But in John Lithgow: Stories by Heart, Lithgow tells an even more compelling tale about growing up with his father Arthur Lithgow, an actor who taught Shakespeare even as he opened and ran Shakespeare festivals throughout the Midwest. Lithgow’s peripatetic experience with this show is not unlike, in other words, his father’s experiences when his son John was growing up. Though it’s truly sui generis, Stories by Heart is reminiscent of Lynn Redgrave’s tribute to her father, Sir Michael.
It was also while John was growing up that Arthur Lithgow gathered his children and read stories to them from a large book: Tellers of Tales, which contains 100 Classic Short Stories (as selected by W. Somerset Maugham), including the two that serve as the centerpiece of this particular play.
The show begins when Lithgow arrives on stage with that very book, and purportedly the original one, as he shows us its repaired cover and spine and somewhat battered condition. “So what the hell is this,” says Lithgow, as he opens with a question, “this Stories by Heart?” The answer becomes the show itself, which is not only the telling of those two tales but descriptions of his father’s younger productive years and then, in the second act, of his failing years, when the tables were turned, and John read from the same book some of the same tales to his parents to try and coax his father back to life. And according to Lithgow it worked, particularly with the very funny Wodehouse story, which comprises the bulk of Act II, as it spins out of increasingly hilarious control.
Back in Act I, the Lardner tale commences as Lithgow untucks his white shirt from his pants and it becomes the smock he wears as the small-town Midwestern barber who narrates Haircut. Though each story has stories, not to mention, virtues of its own, it’s Lithgow’s telling them–with an absence of any props, but with the powers of his magical actor’s voice–that makes them so richly rewarding. While clipping away with invisible shears, he miraculously creates the clinking sound of the scissors with his vocal apparatus even as he continues the barber’s monologue about the tragic circumstances of several other town-members to his customer, a new resident.
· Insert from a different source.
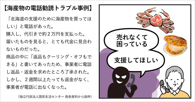 独立行政法人国民生活センター発表「海産物の電話勧誘トラブル 年末にかけて特に注意してください!」(https://www.kokusen.go.jp/news/data/n-20231108_1.html)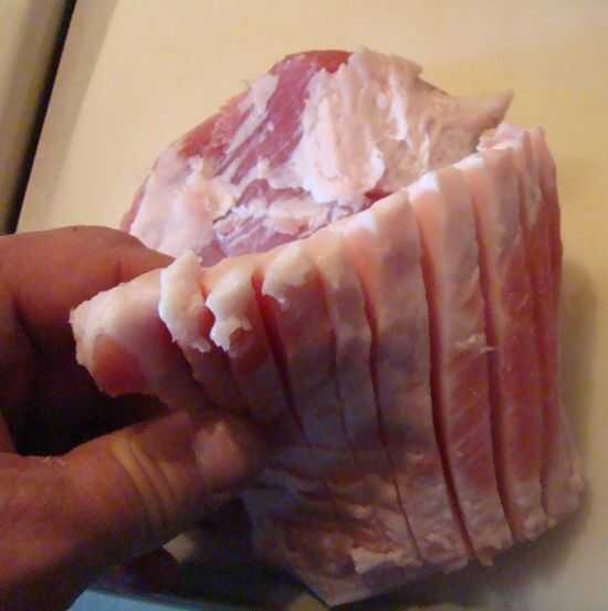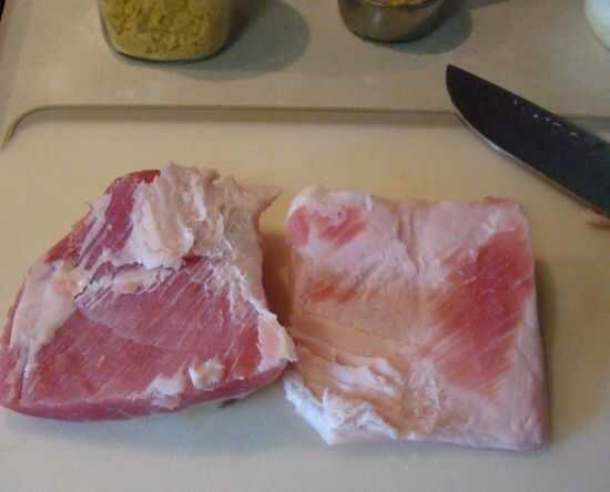 Cortar la carne de cerdo salada, separando la grasa de la carne.

And then there are Lithgow’s facial expressions, such as his subtle registering of disbelief, as he relays the improbable and gruesome plot of Titus Andronicus, which he first learned about when he was a child. But nowhere do his physical mannerisms and expressions receive more of a workout than during Uncle Fred Flies By, during which he becomes the six or seven different characters we meet in rapid and overlapping succession.
The looks of terror on Fred’s nephew Pongo’s face are nothing less than priceless, as we learn about Fred’s taking over a complete stranger’s house and then having to contend with various visitors. Then, too, there’s the caged parrot in the house that Lithgow also becomes, with a wickedly cocked eye. Whoever knew that Lithgow could prove so versatile–and all in the course of 40 minutes or so which it takes him to realize the Wodehouse tale?
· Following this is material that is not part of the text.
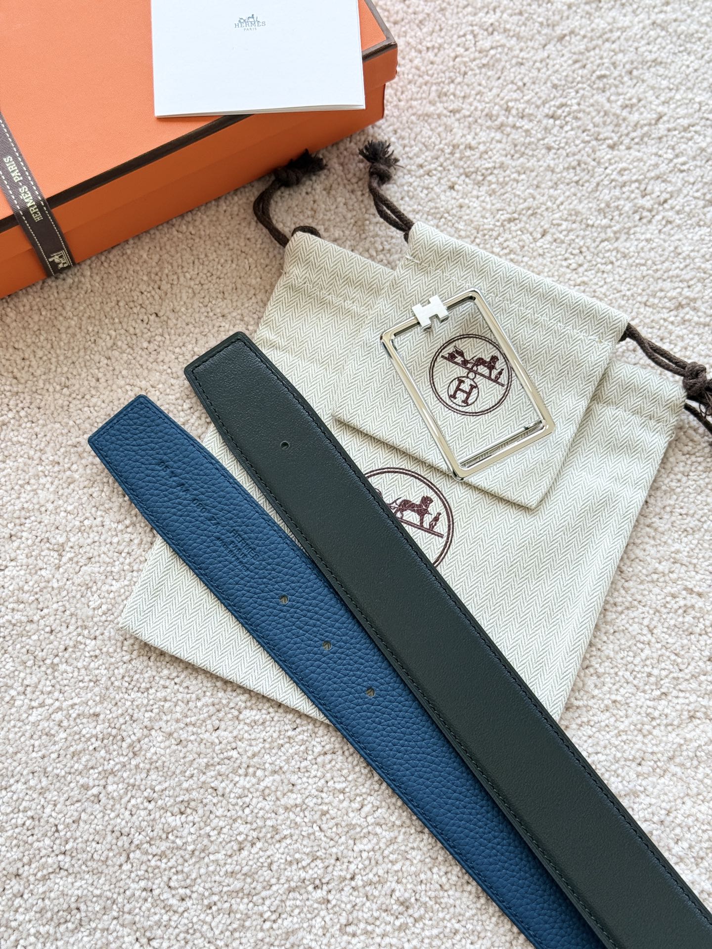 HM Silver Tube H Buckle Belt 38mm Prussian blue Black Leather 187523

Lithgow has been ably abetted by his director Daniel Sullivan, by John Lee Beatty’s single, but elegant wood-paneled set and Kenneth Posner’s effective and subtle lighting effects.
John Lithgow: Stories by Heart (through March 4, 2018)
Roundabout Theatre Company
American Airlines Theatre, 227 West 42nd Street, in Manhattan
For tickets, call 212- 719-1300 or visit http://www.roundabouttheatre.org
Running time: two hours and ten minutes with an intermission
A first-rate piece of theater that showcases Lithgow’s inestimable skills as an actor and performer, even as it comes to focus on two particular stories.